▶ _ACTIVITY_
Return the data below exactly, minus the pictures.

*** Opening INFORMATION PROVIDED ***

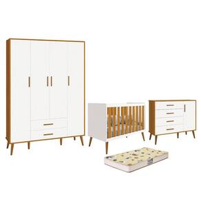 Dormitório Infantil Isis Guarda Roupa 4 Portas, Cômoda 1 Porta e Berço com Colchão D18 - Reller Móveis O Dormitório Infantil Isis é composto por um Guarda-Roupa, uma Cômoda e um Berço com Colchão. O Guarda Roupa Isis 4 Portas e 2 Gavetas e a Cômoda Infantil Isis 1 Porta e 4 Gavetas ambos oferecem um amplo espaço para organizar os pertences do seu bebê, seus puxadores são em madeira e suas gavetas possuem um amplo espaço interno para guardar as roupinhas do bebê dobradas. Já o Berço Americano Isis se enquadra em todos os termos de qualidade, segurança e durabilidade do produto, pois possui certificação pelo INMETRO e o Colchão Supreme da Gazin foi projetado para que seu bebê tenha confortáveis noites de sono. A elegância do estilo retrô aliada ao conforto.
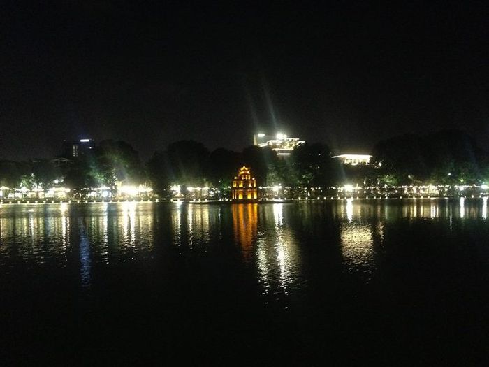 Hồ Gươm về đêm với không gian tĩnh lặng, thơ mộng và đầy cảm xúc
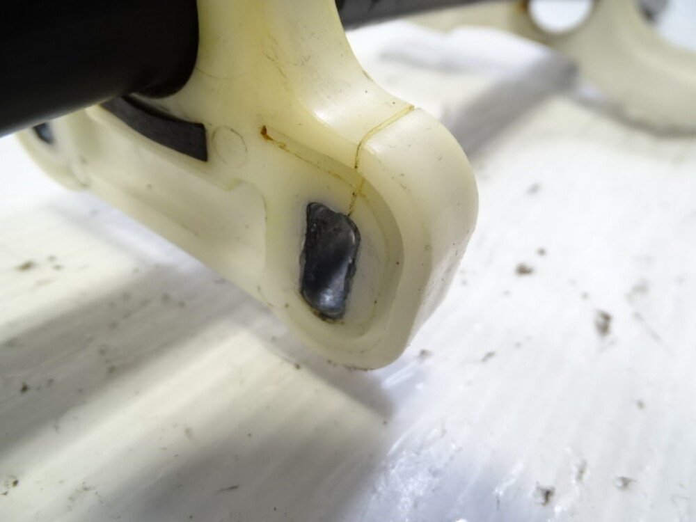 Plastic bracket has a crack.
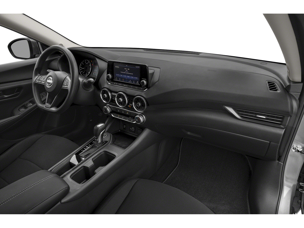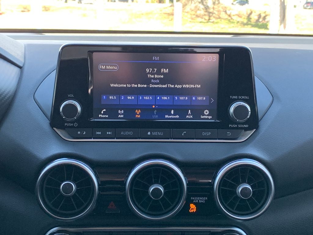 CVT with Xtronic, Charcoal Cloth, 16 Steel Wheels w/Full Wheel Covers, 4 Speakers, ABS brakes, Air Conditioning, AM/FM radio, Auto High-beam Headlights, Blind Spot Warning, Body Colored Splash Guards (4-Piece), Brake assist, Bumpers: body-color, Carpeted Floor Mats w/Trunk Mat, Clear Rear Bumper Protector, Cloth Seat Trim, Delay-off headlights, Driver door bin, Driver vanity mirror, Dual front impact airbags, Dual front side impact airbags, Electronic Stability Control, Four wheel independent suspension, Front anti-roll bar, Front Bucket Seats, Front Center Armrest, Front reading lights, Fully automatic headlights, Illuminated entry, Knee airbag, Low tire pressure warning, NissanConnect featuring Apple CarPlay and Android Auto, Occupant sensing airbag, Outside temperature display, Overhead airbag, Overhead console, Panic alarm, Passenger door bin, Passenger vanity mirror, Power door mirrors, Power steering, Power windows, Radio data system, Radio: AM/FM w/RDS/MP3/Aux-In, Rear anti-roll bar, Rear Parking Sensors, Rear side impact airbag, Rear window defroster, Remote keyless entry, Speed control, Speed-sensing steering, Split folding rear seat, Steering wheel mounted audio controls, Tachometer, Telescoping steering wheel, Tilt steering wheel, Traction control, Trip computer, and Variably intermittent wipers.
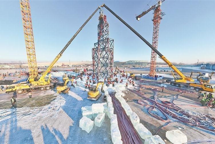 冰雪大世界主塔“冰燈啟夢”封頂
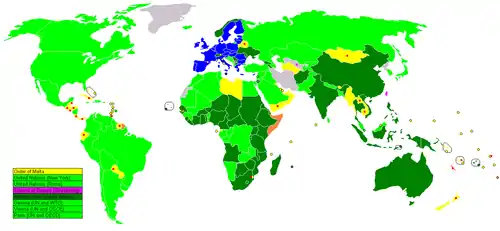 Some delegations are responsible for European Union activities and relations with third countries that have not established diplomatic relations with the EU and for special territories of EU member states, including some that are part of the EU itself (OMR). Territories that host office subordinate to such delegation are marked with *.
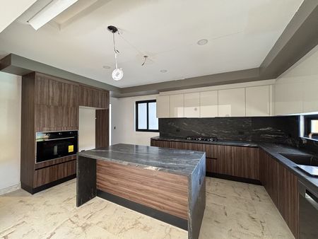 La COCINA DE DISEÑADOR con isla central, equipada con parrilla, campana, hornos y lavavajillas, destaca por su elegancia y funcionalidad. Incluye además JARDÍN INTERIOR, ESTUDIO, BODEGA, ÁREA DE LAVADO y CUARTO DE SERVICIO.
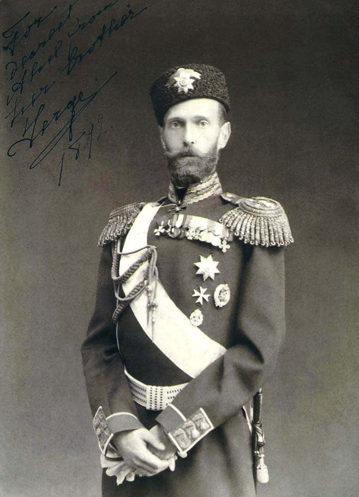 Великий князь Сергей Александрович (1857 — 1905) был четвёртым сыном Александра II. Участвовал в русско-турецкой войне 1877 — 1878, за отличие при рекогносцировке у села Кошево в Болгарии награждён орденом Св. Георгия 4-й степени, затем служил в лейб-гвардии Преображенском полку, в 1887 году был назначен его командиром.
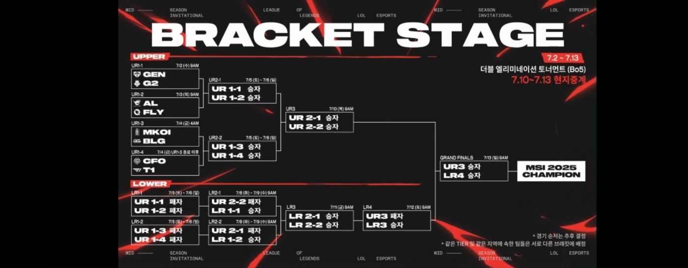 2025 Mid-Season Invitational 브래킷 스테이지 1라운드 1일차 밴쿠버 Pacific Coliseum (패치 버전 25.13,5판 3선승 더블 엘리미네이션 토너먼트) (아침)09 : 00 Gen.G vs G2 Esports 금목서 속 은목서 : 브래킷인가, 브래켓인가, 브래캣인가 이거 하나에 왜 고민을 하고 있는가 사진 오른쪽에 있는 규정과 같은 지역은 승자조 결승까지 못 만나는 규정에 따라 G2가 올라와서 대진표 추첨 읍이 확정 됐읍니다 3일 연속 5꽉 한 G2는 시차 적응이 됐는가ㅡㅡ 설마 5꽉 가진 않겠지?? 0
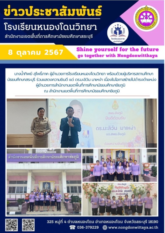 วันที่ 8 ตุลาคม 2567 นางน้ำทิพย์ สุโพธิ์ภาค ผู้อำนวยการโรงเรียนหนองโดนวิทยา พร้อมด้วยผู้บริหารสถานศึกษามัธยมศึกษาสระบุรี ร่วมแสดงความยินดี แด่ ดร.มะลิวัน มาเหง่า เนื่องในโอกาสย้ายไปดำรงตำแหน่งผู้อำนวยการสำนักงานเขตพื้นที่การศึกษามัธยมศึกษาชัยภูมิ ณ สำนัก

*** Closing INFORMATION PROVIDED ***

▶ _SOLUTION TO THIS TASK_
 Dormitório Infantil Isis Guarda Roupa 4 Portas, Cômoda 1 Porta e Berço com Colchão D18 - Reller Móveis O Dormitório Infantil Isis é composto por um Guarda-Roupa, uma Cômoda e um Berço com Colchão. O Guarda Roupa Isis 4 Portas e 2 Gavetas e a Cômoda Infantil Isis 1 Porta e 4 Gavetas ambos oferecem um amplo espaço para organizar os pertences do seu bebê, seus puxadores são em madeira e suas gavetas possuem um amplo espaço interno para guardar as roupinhas do bebê dobradas. Já o Berço Americano Isis se enquadra em todos os termos de qualidade, segurança e durabilidade do produto, pois possui certificação pelo INMETRO e o Colchão Supreme da Gazin foi projetado para que seu bebê tenha confortáveis noites de sono. A elegância do estilo retrô aliada ao conforto.
 Hồ Gươm về đêm với không gian tĩnh lặng, thơ mộng và đầy cảm xúc
 Plastic bracket has a crack.
 CVT with Xtronic, Charcoal Cloth, 16 Steel Wheels w/Full Wheel Covers, 4 Speakers, ABS brakes, Air Conditioning, AM/FM radio, Auto High-beam Headlights, Blind Spot Warning, Body Colored Splash Guards (4-Piece), Brake assist, Bumpers: body-color, Carpeted Floor Mats w/Trunk Mat, Clear Rear Bumper Protector, Cloth Seat Trim, Delay-off headlights, Driver door bin, Driver vanity mirror, Dual front impact airbags, Dual front side impact airbags, Electronic Stability Control, Four wheel independent suspension, Front anti-roll bar, Front Bucket Seats, Front Center Armrest, Front reading lights, Fully automatic headlights, Illuminated entry, Knee airbag, Low tire pressure warning, NissanConnect featuring Apple CarPlay and Android Auto, Occupant sensing airbag, Outside temperature display, Overhead airbag, Overhead console, Panic alarm, Passenger door bin, Passenger vanity mirror, Power door mirrors, Power steering, Power windows, Radio data system, Radio: AM/FM w/RDS/MP3/Aux-In, Rear anti-roll bar, Rear Parking Sensors, Rear side impact airbag, Rear window defroster, Remote keyless entry, Speed control, Speed-sensing steering, Split folding rear seat, Steering wheel mounted audio controls, Tachometer, Telescoping steering wheel, Tilt steering wheel, Traction control, Trip computer, and Variably intermittent wipers.
 冰雪大世界主塔“冰燈啟夢”封頂
 Some delegations are responsible for European Union activities and relations with third countries that have not established diplomatic relations with the EU and for special territories of EU member states, including some that are part of the EU itself (OMR). Territories that host office subordinate to such delegation are marked with *.
 La COCINA DE DISEÑADOR con isla central, equipada con parrilla, campana, hornos y lavavajillas, destaca por su elegancia y funcionalidad. Incluye además JARDÍN INTERIOR, ESTUDIO, BODEGA, ÁREA DE LAVADO y CUARTO DE SERVICIO.
 Великий князь Сергей Александрович (1857 — 1905) был четвёртым сыном Александра II. Участвовал в русско-турецкой войне 1877 — 1878, за отличие при рекогносцировке у села Кошево в Болгарии награждён орденом Св. Георгия 4-й степени, затем служил в лейб-гвардии Преображенском полку, в 1887 году был назначен его командиром.
 2025 Mid-Season Invitational 브래킷 스테이지 1라운드 1일차 밴쿠버 Pacific Coliseum (패치 버전 25.13,5판 3선승 더블 엘리미네이션 토너먼트) (아침)09 : 00 Gen.G vs G2 Esports 금목서 속 은목서 : 브래킷인가, 브래켓인가, 브래캣인가 이거 하나에 왜 고민을 하고 있는가 사진 오른쪽에 있는 규정과 같은 지역은 승자조 결승까지 못 만나는 규정에 따라 G2가 올라와서 대진표 추첨 읍이 확정 됐읍니다 3일 연속 5꽉 한 G2는 시차 적응이 됐는가ㅡㅡ 설마 5꽉 가진 않겠지?? 0
 วันที่ 8 ตุลาคม 2567 นางน้ำทิพย์ สุโพธิ์ภาค ผู้อำนวยการโรงเรียนหนองโดนวิทยา พร้อมด้วยผู้บริหารสถานศึกษามัธยมศึกษาสระบุรี ร่วมแสดงความยินดี แด่ ดร.มะลิวัน มาเหง่า เนื่องในโอกาสย้ายไปดำรงตำแหน่งผู้อำนวยการสำนักงานเขตพื้นที่การศึกษามัธยมศึกษาชัยภูมิ ณ สำนัก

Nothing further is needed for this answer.